A Codecademy practice project from the Data Science Path Natural Languages Processing (NLP) course, Term Frequency-Inverse Document Frequency Section.
▪ Overview
Newspapers and their online formats supply the public with the information we need to understand the events occurring in the world around us. From politics to sports, the news keeps us informed, in the loop, and ready to make decisions about how to act in a rapidly changing world.
Given the vast amount of news articles in circulation, identifying and organizing articles by topic is a useful activity. This can help you sift through the enormous amount of information out there so you can find the news relevant to your interests, or even allow you to build a news recommendation engine!
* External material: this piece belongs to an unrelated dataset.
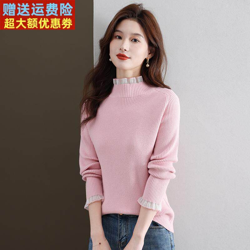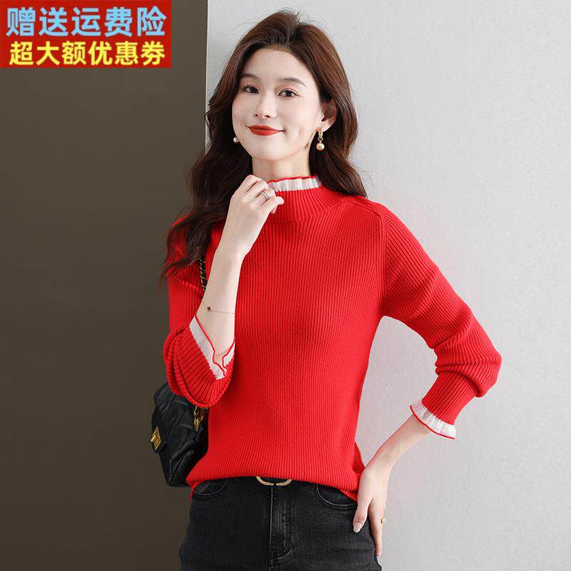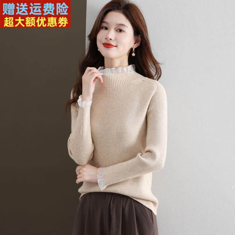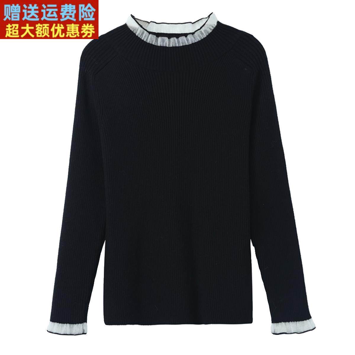 半高领修身毛衣女款2025新款显瘦木耳领针织衫内搭黑色羊毛打底衫

The News International is the largest English language newspaper in Pakistan, covering local and international news across a variety of sectors. A selection of articles from a Kaggle Dataset of The News International articles is provided in the workspace.
In this project I used term frequency-inverse document frequency (tf-idf) to analyze each article’s content and uncover the terms that best describe each article, providing quick insight into each article’s topic.
▪ Project Goal:
Analyze news documents using TF-IDF MLP supervised machine learning models.
▪ Project Requirements
Be familiar with:
Python3
NLP (Natural Languages Processing)
The Python Libraries:
Pandas
NLKT
Sklearn
▪ Links:
Text Pre-processing
Before a text can be processed by a NLP model, the text data needs to be pre-processed.
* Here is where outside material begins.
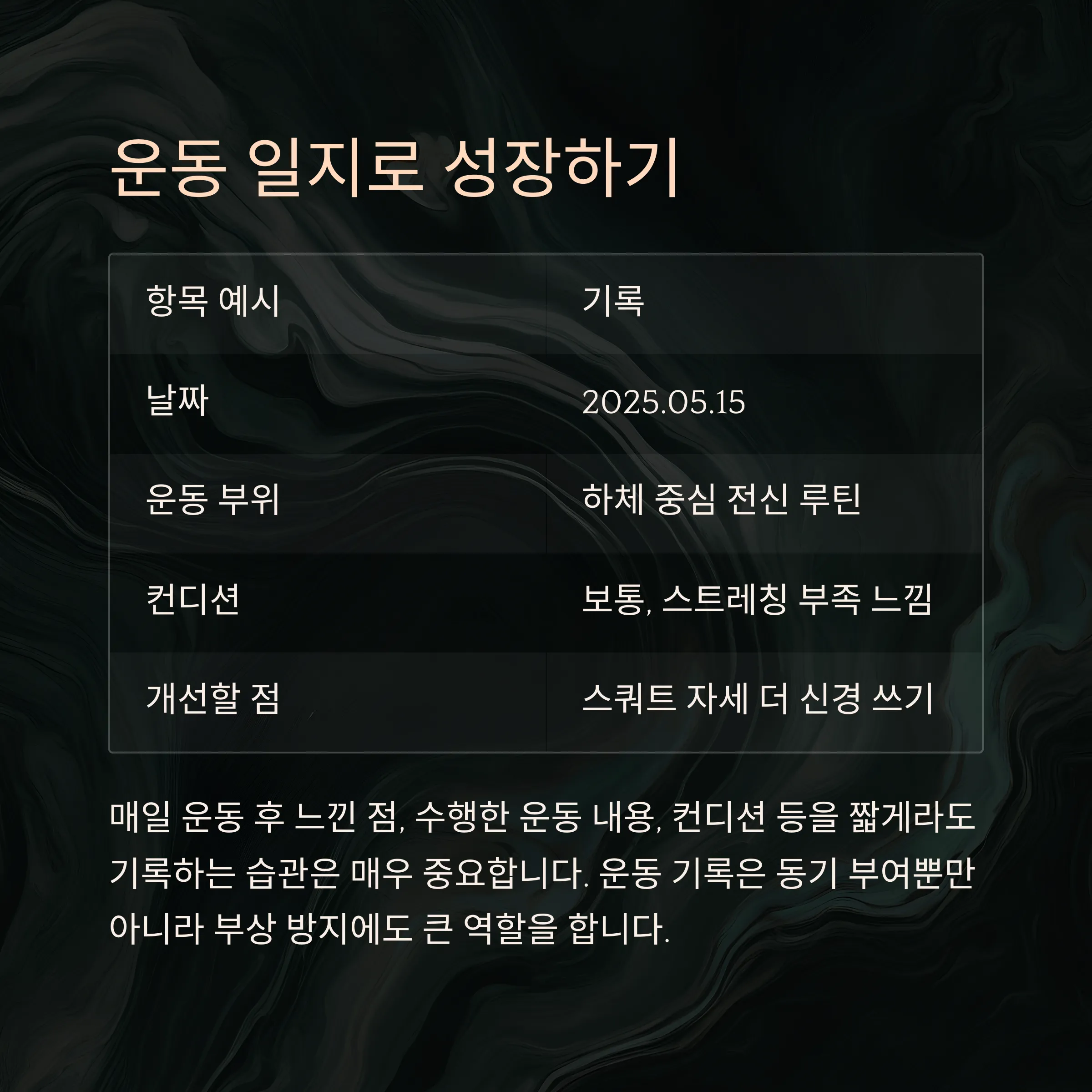매일 운동 후 느낀 점, 수행한 운동 내용, 컨디션 등을

Text data pre-processing is the process of cleaning and prepping the text data to be processed by NLP models.
Cleaning and prepping tasks:
Noise removal is a text pre-processing step concerned with removing unnecessary formatting from our text.
Tokenization is a text pre-processing step devoted to breaking up text into smaller units (usually words or discrete terms).
Normalization is the name we give most other text preprocessing tasks, including stemming, lemmatization, upper and lowercasing, and stopword removal.
- Stemming is the normalization preprocessing task focused on removing word
affixes.
- Lemmatization is the normalization preprocessing task that more carefully brings
words down to their root forms.
To improve the performance of lemmatization, each word in the processed text is assigned parts of speech tag, such as noun, verb, adjective, etc. The process is call Part-of-Speech Tagging.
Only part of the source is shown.